CCA

Canonical Correlation Analysis was first proposed by Hotelling (1936) 🎓. It can be conceived as the multivariate extension of Pearson's product-moment correlation, as the bilinear version of Whitening or as the standardized version of MCA; if MCA maximizes the cross-covariance of two data set, CCA maximizes their correlation. Like the MCA, the CCA corresponds to the situation $m=2$ (two datasets) and $k=1$ (one observation).

As per MCA, Let $X$ and $Y$ be two $n_x⋅t$ and $n_y⋅t$ data matrices, where $n_x$ and $n_y$ are the number of variables in $X$ and $Y$, respectively and $t$ the number of samples. We assume here too that the samples in $X$ and $Y$ are synchronized. Let $C_{x}$ be the $n_x⋅n_x$ covariance matrix of $X$ and $C_{y}$ be the $n_y⋅n_y$ covariance matrix of $Y$. Let also $C_{xy}=\frac{1}{t}X^HY$ be the $n_x⋅n_y$ cross-covariance matrix. CCA seeks two matrices $F_x$ and $F_y$ such that

$\left \{ \begin{array}{rl}F_x^HC_xF_x=I\\F_y^HC_yF_y=I\\F_x^HC_{xy}F_y=Λ \end{array} \right.$, $\hspace{1cm}$ [cca.1]

where $Λ$ is a $n⋅n$ diagonal matrix, with $n=min(n_x, n_y)$. The first components (rows) of $F_x^{H}X$ and $F_y^{H}Y$ hold the linear combination of $X$ and $Y$ with maximal correlation, the second the linear combination with maximal residual correlation and so on, subject to constraint [cca.1].

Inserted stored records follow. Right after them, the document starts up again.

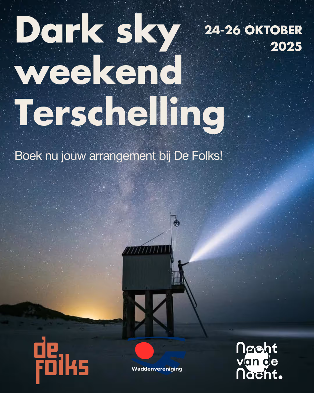 Kom je bij ons sterrenkijken? Een weekend lang duiken we samen het donker in, vol boeiende lezingen en excursies. Beleef dit bijzondere weekend tijdens de Nacht Van De Nacht op een van de donkerste en meest ongerepte plekken van Europa: Dark Sky ark Terschelling.
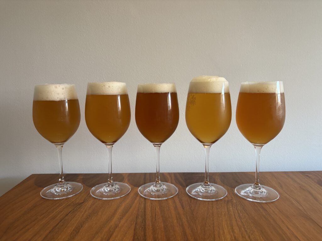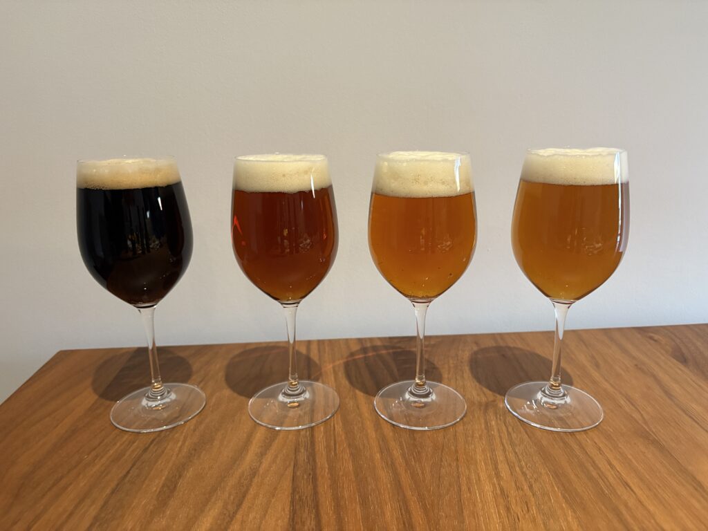 後日自宅でも飲み比べてみました。ビールやおつまみを一種類ずつではなく一度に並べたところは自己流です。なので、正解を当てるのではなく、何がどのビールかを知った上で楽しく味わいました。
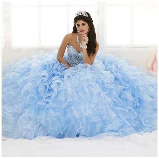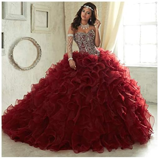Sweetheart Crystals Beaded Ball Gowns Quinceanera Gowns with Organza Ruffled Sweep Train for Women Girls.
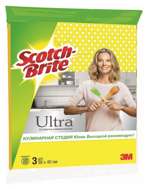 Салфетки хозяйственные Scotch-brite Ultra вискоза 140 г/м 38х40 см 3 шт/уп, В ассортименте

In matrix form this can be written such as

$\begin{pmatrix} F_x^H & 0\\0 & F_y^H\end{pmatrix} \begin{pmatrix} C_x & C_{xy}\\C_{xy}^H & C_y\end{pmatrix} \begin{pmatrix} F_x & 0\\0 & F_y\end{pmatrix} = \begin{pmatrix} I & Λ\\Λ & I\end{pmatrix}$. $\hspace{1cm}$ [cca.2]

If $n_x=n_y$, from [cca.1] it follows

$\left \{ \begin{array}{rl}F_x^{-H}F_x^{-1}=C_x\\F_y^{-H}F_y^{-1}=C_y\\F_x^{-H}F_y^{-1}=C_{xy} \end{array} \right.$, $\hspace{1cm}$ [cca.3]

that is, CCA is a special kind of full-rank factorization of $C_x$ and $C_y$.

Equating the left hand sides of the first two expressions in [cca.1] and setting $E_x=B_xB_y^{-H}$, $E_y=B_yB_x^{-H}$, it follows

$\left \{ \begin{array}{rl}C_x=E_xC_yE_x^H\\C_y=E_yC_xE_y^H \end{array} \right.$, $\hspace{1cm}$ [cca.4]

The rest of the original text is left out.